Observer
- Type: Daily newspaper
- Format: Broadsheet
- Owner: Ogden Newspapers Inc.
- Publisher: John D'Agostino
- Editor: Gregory Bacon
- Founded: 1882
- Language: English
- Headquarters: 10 E. Second Street Dunkirk, NY 14048 United States
- Circulation: 7,383 Daily (as of 2017)
- Website: observertoday.com

= Observer (Dunkirk) =

The Observer is a newspaper for the residents of northern Chautauqua County, New York and northwestern Cattaraugus County, New York, with offices located in Dunkirk. It was formerly known as the Evening Observer, and before then, the Dunkirk Evening Observer. Originally delivered in the afternoon six days a week (Monday through Saturday), the Observer later changed to morning delivery seven days a week, before changing back to delivery six days a week with a combined Saturday/Sunday weekend edition on August 31, 2019.

== History ==
The Observer was first published December 4, 1882 by founder Dr. Julien T. Williams. John D'Agostino, former news and managing editor, is the current publisher.

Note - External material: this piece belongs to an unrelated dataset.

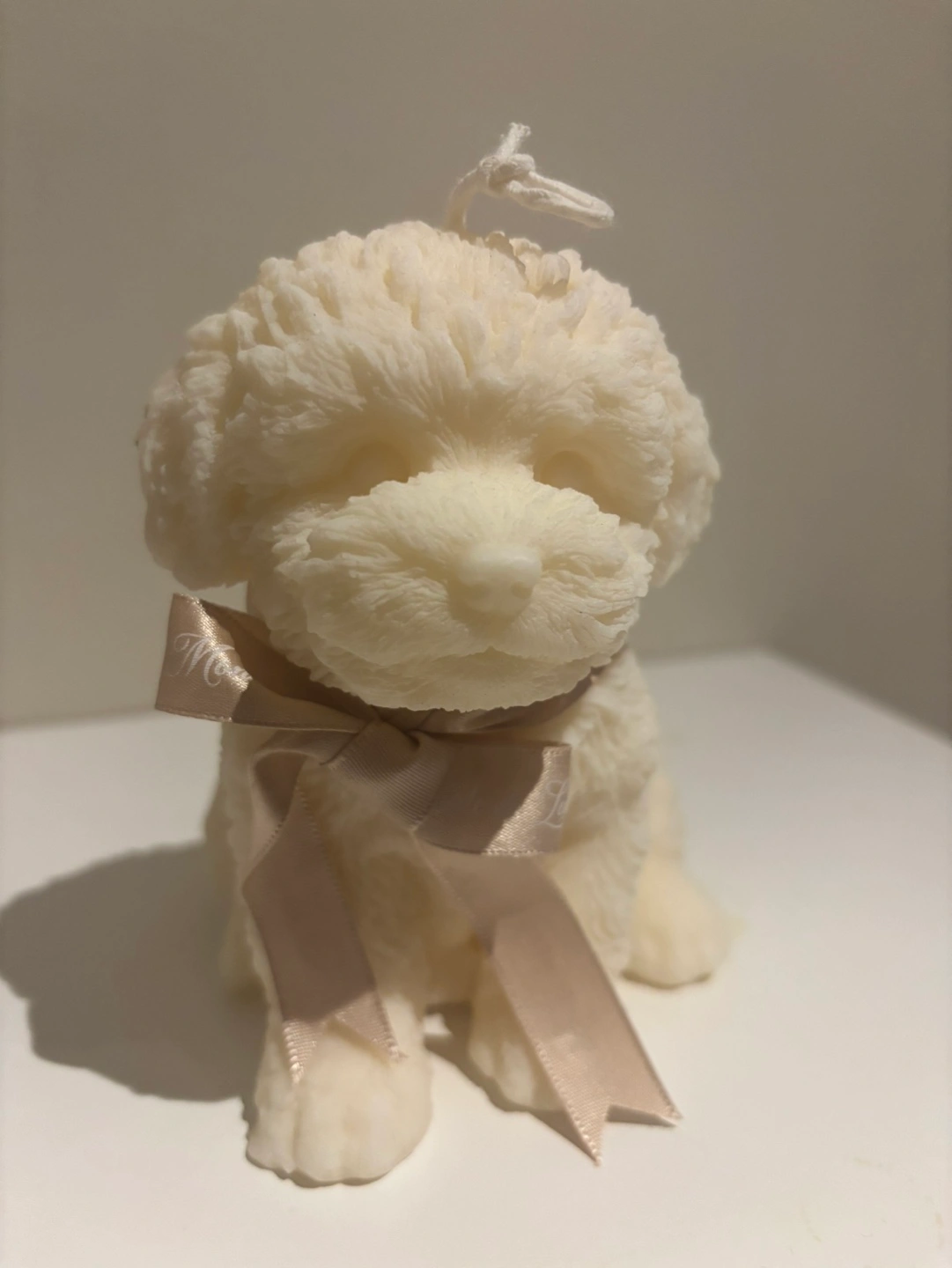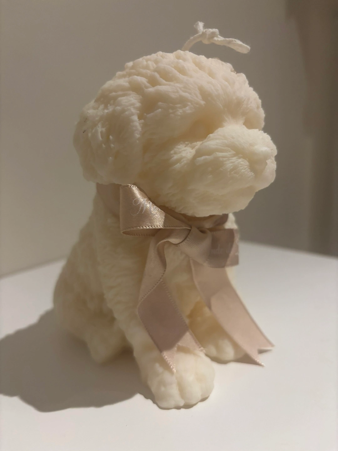 Unique candle shaped like a fluffy puppy. Off-white colour. Features a soft pink ribbon around its neck. Unlit.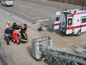 Foto BFBZ VVFBZDie Berufsfeuerwehr wurde am Nachmittag zu einem Arbeitsunfall in die Reschenstraße gerufen. Dort wurde ein Arbeiter nach einem Sturz an der Schulter von einem Betoneisen durchbohrt. Nachdem die Eisenstange stabilisiert wurde, konnte diese mit einem Bolzenschneider durchtrennt werden. Der Patient wurde daraufhin mit der Drehleiter vom 2. Obergeschoß der Baustelle auf die Zufahrtsstraße gebracht. Die Versorgung des Patienten übernahmen die Sanitäter der Berufsfeuerwehr gemeinsam mit dem Notarztteam.

The newspaper describes itself as a hometown paper, but it is owned by Ogden Newspapers Inc. of Wheeling, West Virginia; the paper is operated in a cluster along with The Post-Journal of Jamestown, New York and the Times-Observer of Warren, Pennsylvania.

From March 13, 2014, to October 31, 2016, the entirety of the newspaper's website was placed behind a paywall. The site had been behind a paywall for most of the early 2000s but that paywall was also eventually removed.